The computational demands of modern-day simulation software needed across a range of diverse scientific disciplines lead many programmers to choose to write their code in an object-oriented language such as C++.
This easy-to-read textbook/reference presents an essential guide to object-oriented C++ programming for scientific computing. With a practical focus on learning by example, the theory is supported by numerous exercises. Features of both the C++ language and standard libraries are highlighted via the development of classes of vectors and matrices, allowing demonstration of key concepts such as inheritance, encapsulation, operator overloading, templates, and exception handling. The text then explains how these classes can be adapted for parallel computing, before demonstrating how a flexible, extensible library can be written for the numerical solution of differential equations.

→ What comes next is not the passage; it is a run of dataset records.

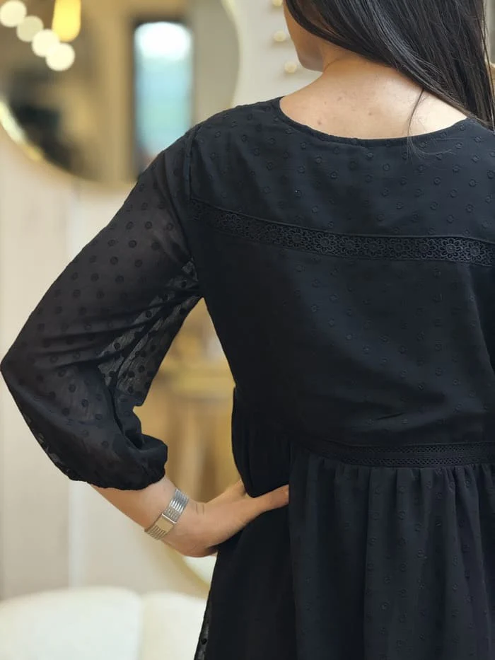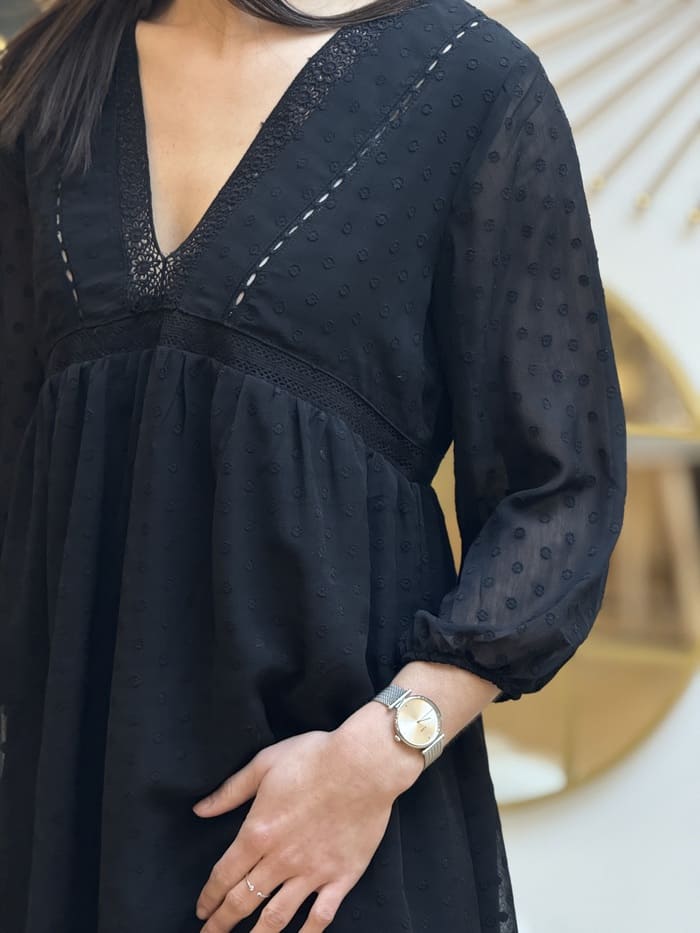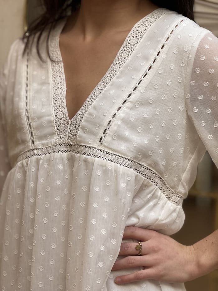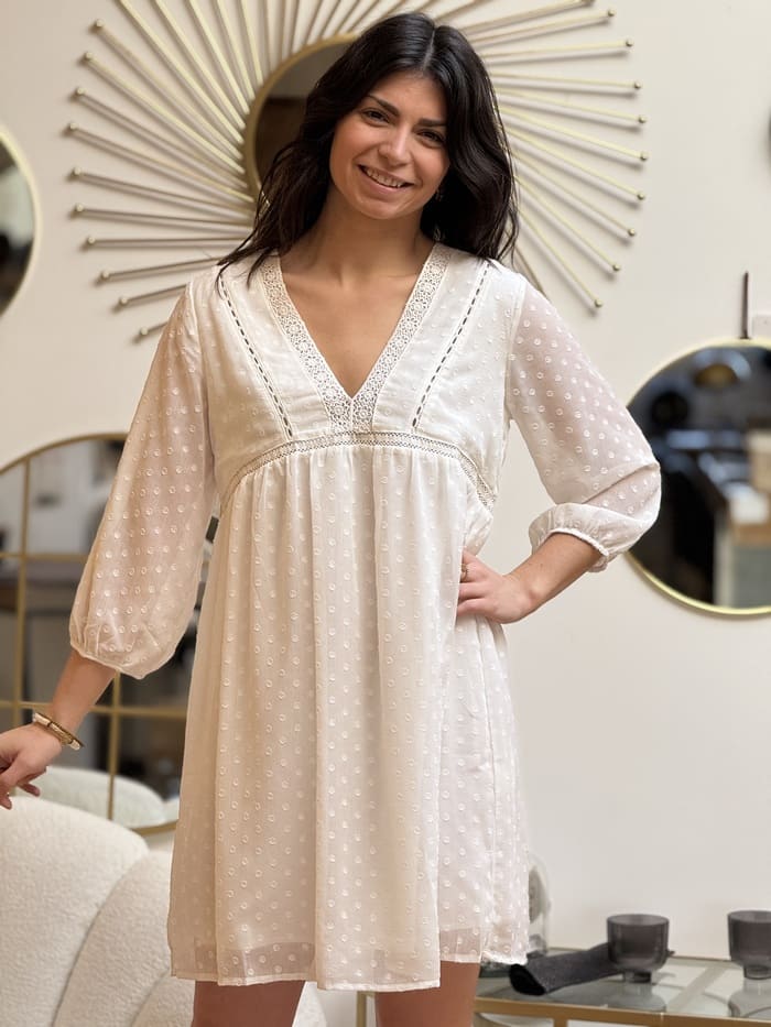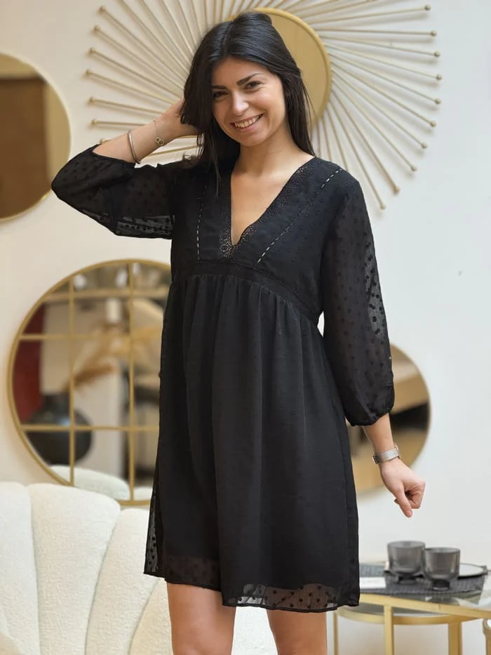 Robe babydoll col v plumetis Taille : Justine mesure 1m69. Elle porte la taille S/M pour ce modèle. Taille : S/M (36-38) et M/L (38-40) Composition & entretien : 70% VISCOSE 30% POLYESTER Lavage à la main conseillé Besoin d’un conseil ? Consultez notre foire aux questions ou contactez-nous via notre formulaire de contact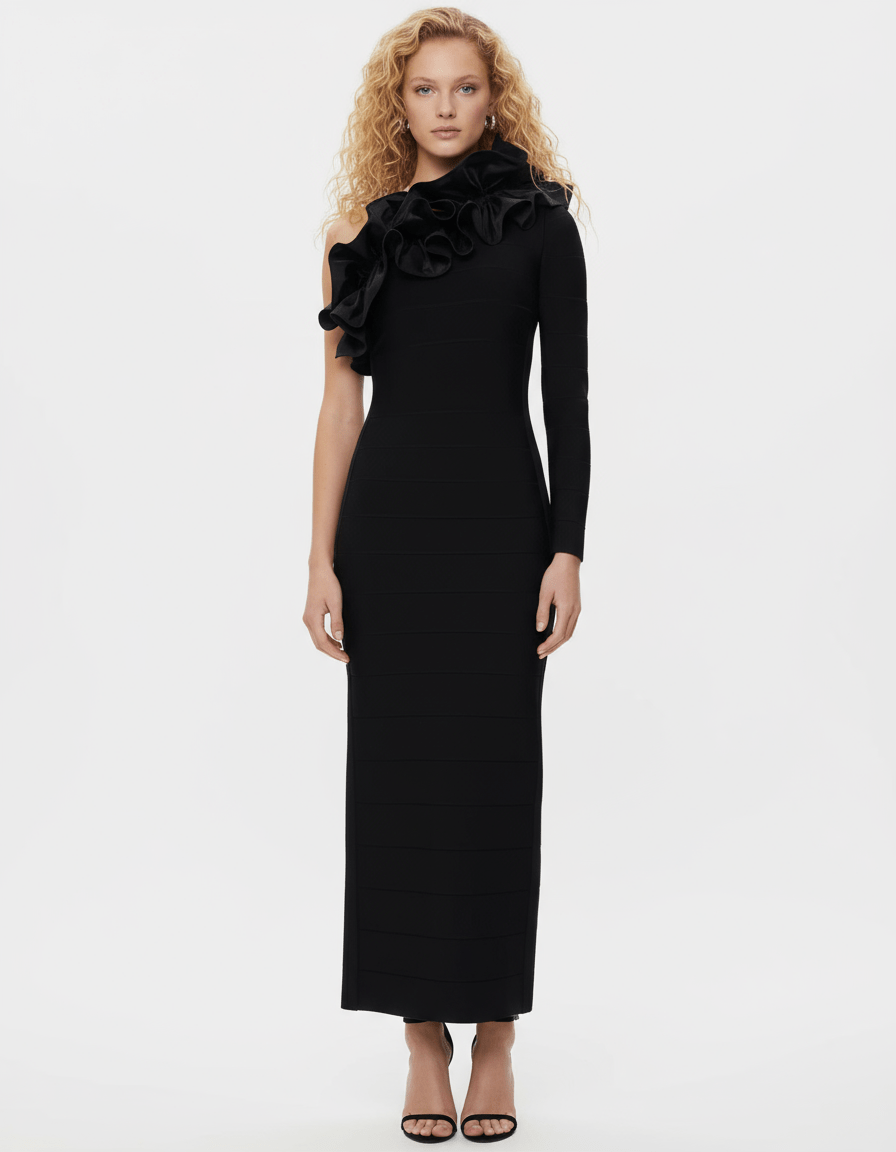 Hervé Léger Asymmetrical Ruffle Gown in Black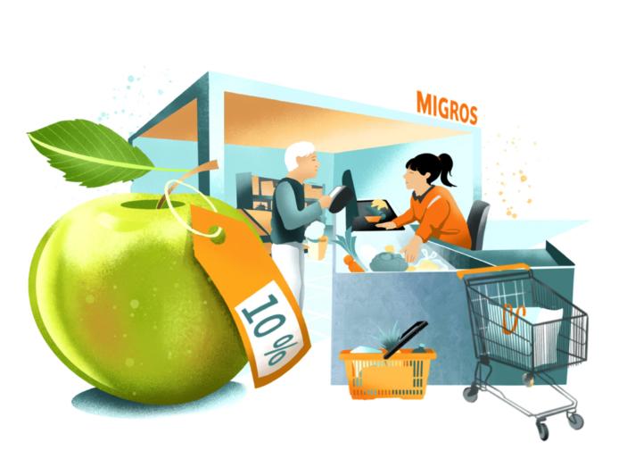 Un proverbe anglais dit qu’une pomme par jour éloigne le médecin pour toujours. Personnellement, j’essaie de manger chaque jour les cinq portions recommandées de fruits et de légumes. Cela dit, ce n’est pas de moi que je veux vous parler aujourd’hui, mais de Marco, l’un de mes collaborateurs. La semaine dernière, il a accueilli nos clients à l’entrée du magasin en leur offrant une pomme et un bon de réduction de 10% sur les fruits et les légumes frais. Marco a récemment pris en charge le rayon «Fraîcheur», et cette initiative lui a permis de se présenter de manière conviviale à la clientèle. Pour Marco, tout roule en ce moment, mais ses débuts dans le monde professionnel n’ont pas été simples. Il y a huit ans, il a interrompu son apprentissage chez un autre détaillant. En 2021, il a commencé à travailler chez nous, dans le rayon fruits et légumes, et dès le premier jour, il s’est montré assidu et fiable. Grâce à ses cinq années d’expérience professionnelle et au soutien de Migros, il peut désormais suivre une formation en cours d’emploi pour obtenir son diplôme de spécialiste du commerce de détail. En tant que responsable, j’essaie toujours de motiver mes collaborateurs à se perfectionner. Dans le commerce de détail, il est possible de faire carrière si l’on s’investit. Moi-même, je suis devenu gérant de magasin à l’âge de 24 ans. Ce qui rend notre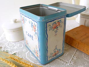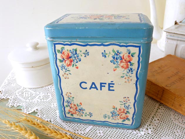 おそらく1940年代にフランスで製造されたティン製のカフェ(コーヒービーンズ)が入っていたストレージ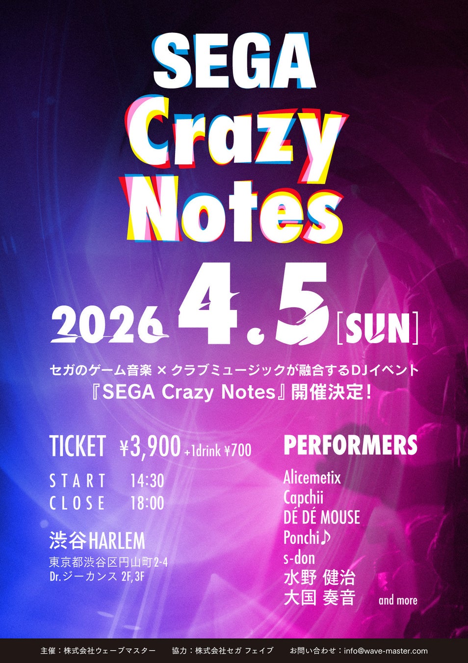 セガグループの株式会社ウェーブマスター(本社:東京都品川区、代表取締役社長:清水 信彦、以下 ウェーブマスター)は、株式会社セガ フェイブ(本社:東京都品川区、代表取締役社長執行役員:杉野行雄、以下 セガ フェイブ)協力のもと、DJイベント『SEGA Crazy Notes』を2026年4月5日(日)開催いたします。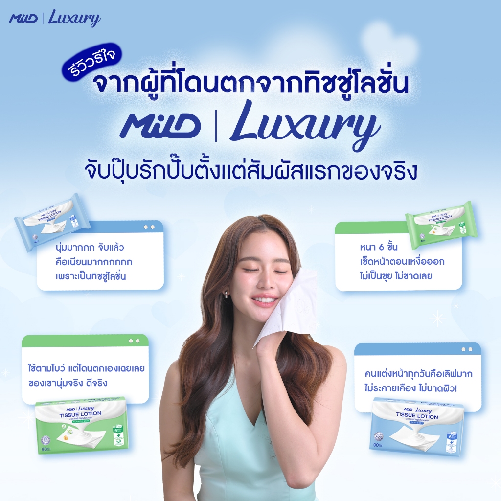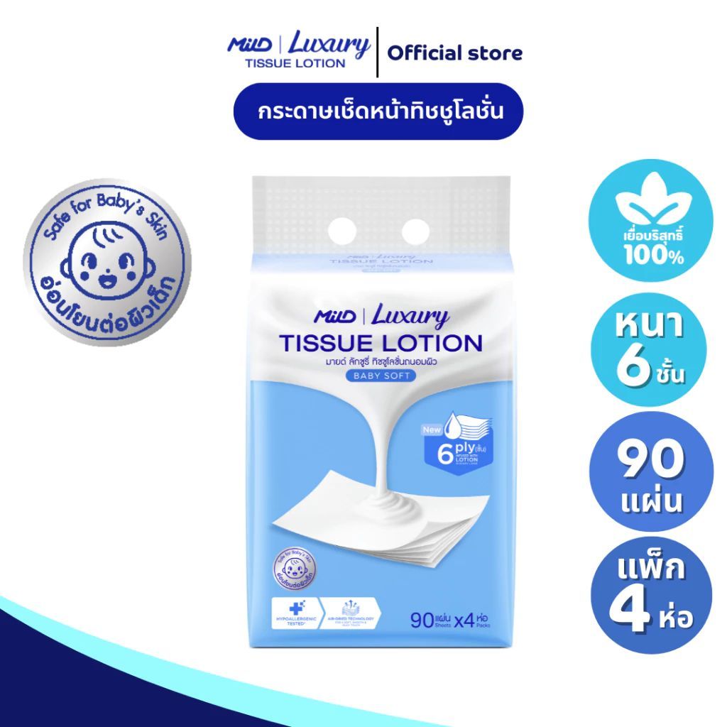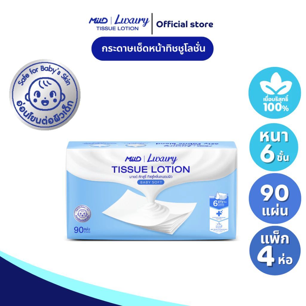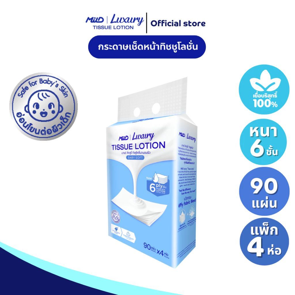 มายด์ ลักชูรี่ เบบี้ซอฟท์ ทิชชูโลชั่น หนา 6 ชั้น 40 แผ่น/90 แผ่น แพ็ค 4 ห่อ Mild Luxury Tissue Lotion 6 ply: Baby Soft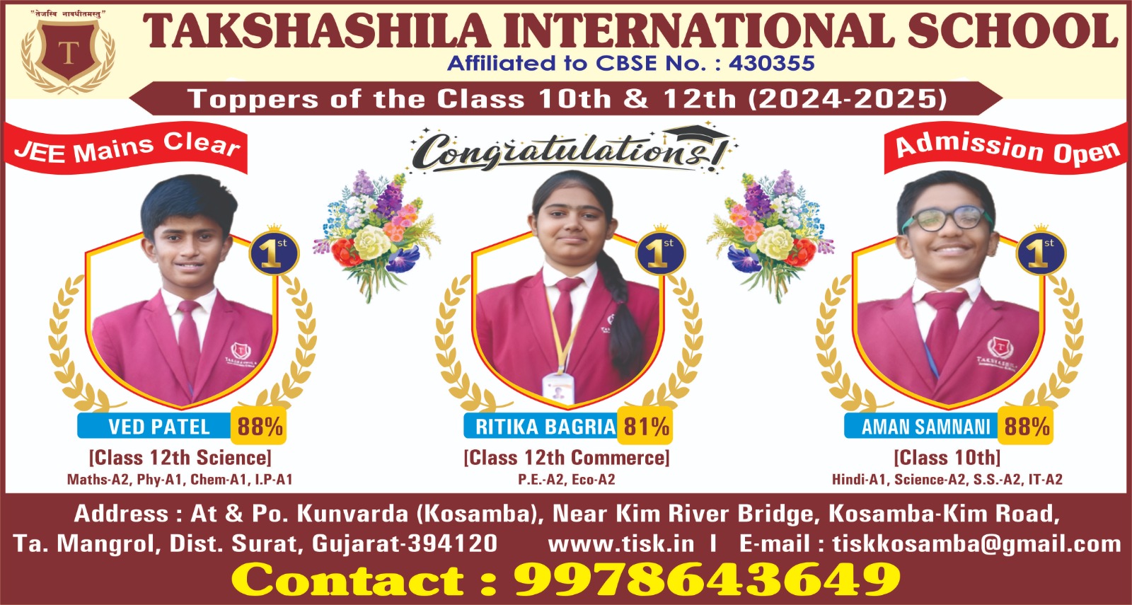 Takshashila has been envisioned with an aim to provide a holistic and progressive educational experience. Our main objective is to create an atmosphere ideal for teaching-learning and extract the best in our children. We strive to help every child succeed and achieve his/her best, and shape his/her academic, personal and social progress. Our children should study in a secure and highly supportive and non – threatening environment.
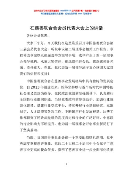 / 在慈善联合会会员代表大会上的讲话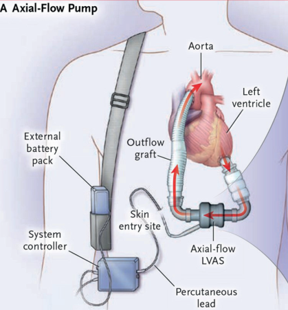 Figura 2: Dispositivo de asistencia ventricular izquierda de tipo Heartmate III. Tomado de Deshpande S. Efficacy and Safety of Left Ventricular Assist Devices with Centrifugal Flow Pumps. N Engl J Med, 2017.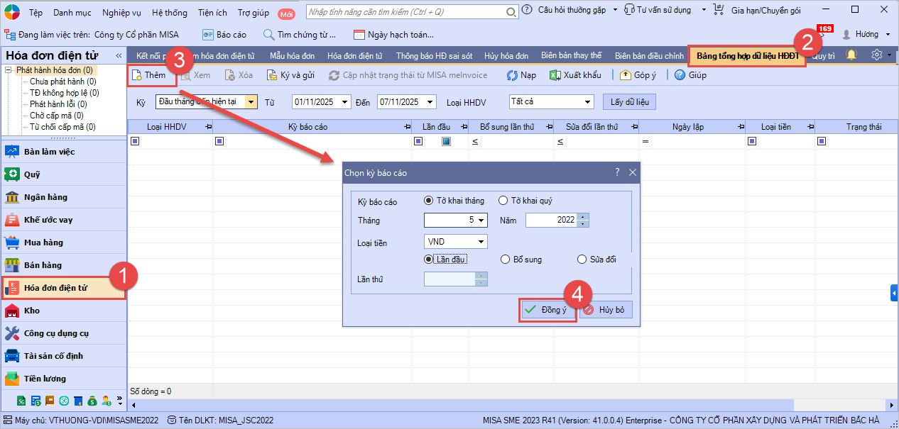Trường hợp thiếu dữ liệu hóa đơn tại bảng tổng hợp dữ liệu hóa đơn điện tử đã gửi CQT: Người bán lập và gửi bảng tổng hợp dữ liệu hóa đơn bổ sung gửi CQT. Bước 1: Vào phân hệ Hóa đơn điện tử → Bảng tổng hợp dữ liệu HĐĐT, nhấn Thêm. Bước 2: Trên form chọn kỳ báo cáo, chọn Loại HHDV và tích chọn loại báo cáo Bổ sung, nhấn Đồng ý.
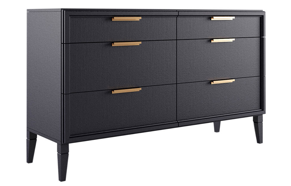 Эффектный комод украсит как аристократическую гостиную, так и современное помещение в американском стиле. Глубокий серый цвет идеально впишется в любое цветовое окружение. Матовые поверхности оттенка «шафран» дополнены элегантными прямоугольными ручками, отделанными «под золото». Фасады облицованы дубовым шпоном, рамы и резные ножки изготовлены из массива дуба. Натуральные первосортные материалы оттеняют респектабельность и внешнюю дороговизну изделия. Модель вместительна, состоит из четырех габаритных ящиков и двух элементов типового размера, с соответствующей нагрузкой 6-8 кг и 4-6 кг. Инновационная немецкая фурнитура обеспечивает плавный ход и безупречное функционирование скрытых направляющих и выдвижных механизмов.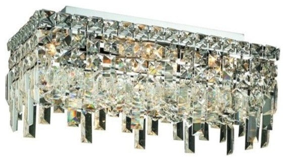 Elegant Maxim Flush Mount, Chrome Finish With Royal Cut Crystal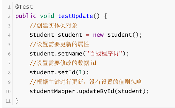 void testUpdate() {Student student = new Student();student.setId(1L); // 主键必须设置student.setAge(21); // 仅更新 age 字段int result = studentMapper.updateById(student);System.out.println("更新结果:" + result);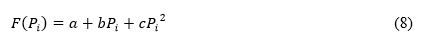 Por tanto, la función objetivo a minimizar se muestra en la Ecuación (7), donde F es la tasa de costo de cada generador que entrega una potencia Pi.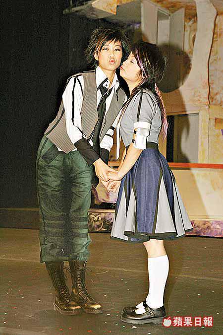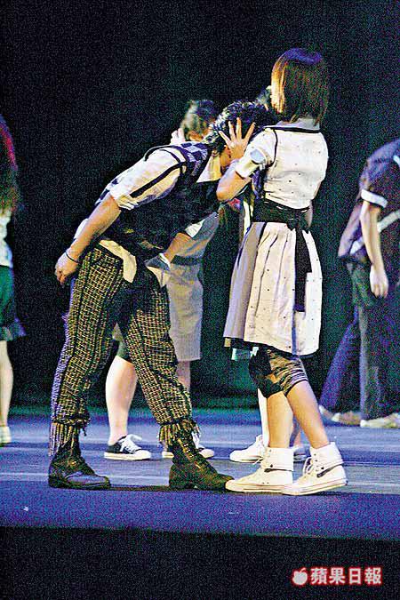 薛凱琪(Fiona)前晚演出《森美小儀歌劇團》,除要做拗腰拱橋等高難度動作外,還要犧牲色相,讓森美的頭枕在其胸口上。不過醒目的Fiona卻用手抓實森美頭部,以防對方貼得太近!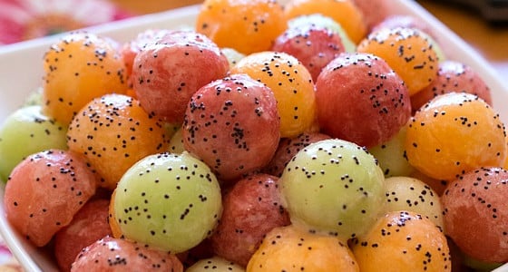 For me, summertime is synonymous with light and refreshing dishes – and our Melon Balls with Poppy Seed Dressing fits the bill perfectly! We’ve taken a simple fruit salad of watermelon, cantaloupe and honeydew and cut each melon into balls (this is a great tool to use) – then made it so much deliciously better by adding our homemade poppy seed dressing!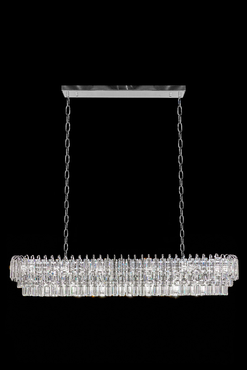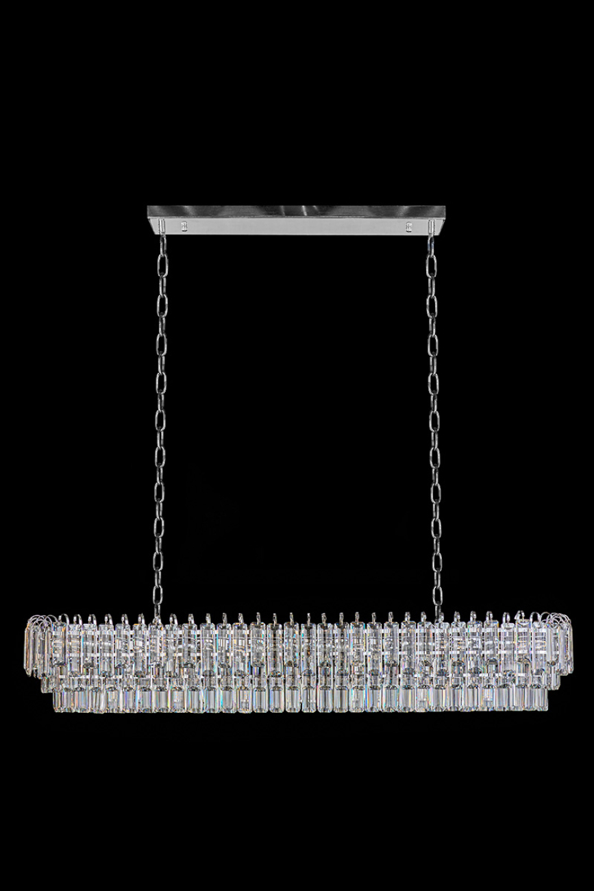 Допускается отличие страны-изготовителя, указанной в характеристиках. Линии производства могут находиться в нескольких государствах. Это не влияет на качество изготовления товара: все заводы данного бренда работают по общим стандартам, а готовые изделия проходят соответствующий контроль.Россия Коллекция Catherine ЦветЦвет арматуры Хром Цвет Хром Материал арматуры Металл гальванизированный Цвет плафона прозрачный Материал плафона Хрусталь РазмерыВысота (мм) 1440 Длина (мм) 120 Ширина (мм) 300 ЭлектрикаКоличество ламп (шт) 21 Цоколь E14 Дополнительная информацияВес (Кг) 7; 5 15 -

Topics and features: provides a specific focus on the application of C++ to scientific computing, including parallel computing using MPI; stresses the importance of a clear programming style to minimize the introduction of errors into code; presents a practical introduction to procedural programming in C++, covering variables, flow of control, input and output, pointers, functions, and reference variables; exhibits the efficacy of classes, highlighting the main features of object-orientation; examines more advanced C++ features, such as templates and exceptions; supplies useful tips and examples throughout the text, together with chapter-ending exercises, and code available to download from www.springer.com.
This clearly written textbook is a "must-read" for programmers of all levels of expertise. Basic familiarity with concepts such as operations between vectors and matrices, and the Newton-Raphson method for finding the roots of non-linear equations, would be an advantage, but extensive knowledge of the underlying mathematics is not assumed.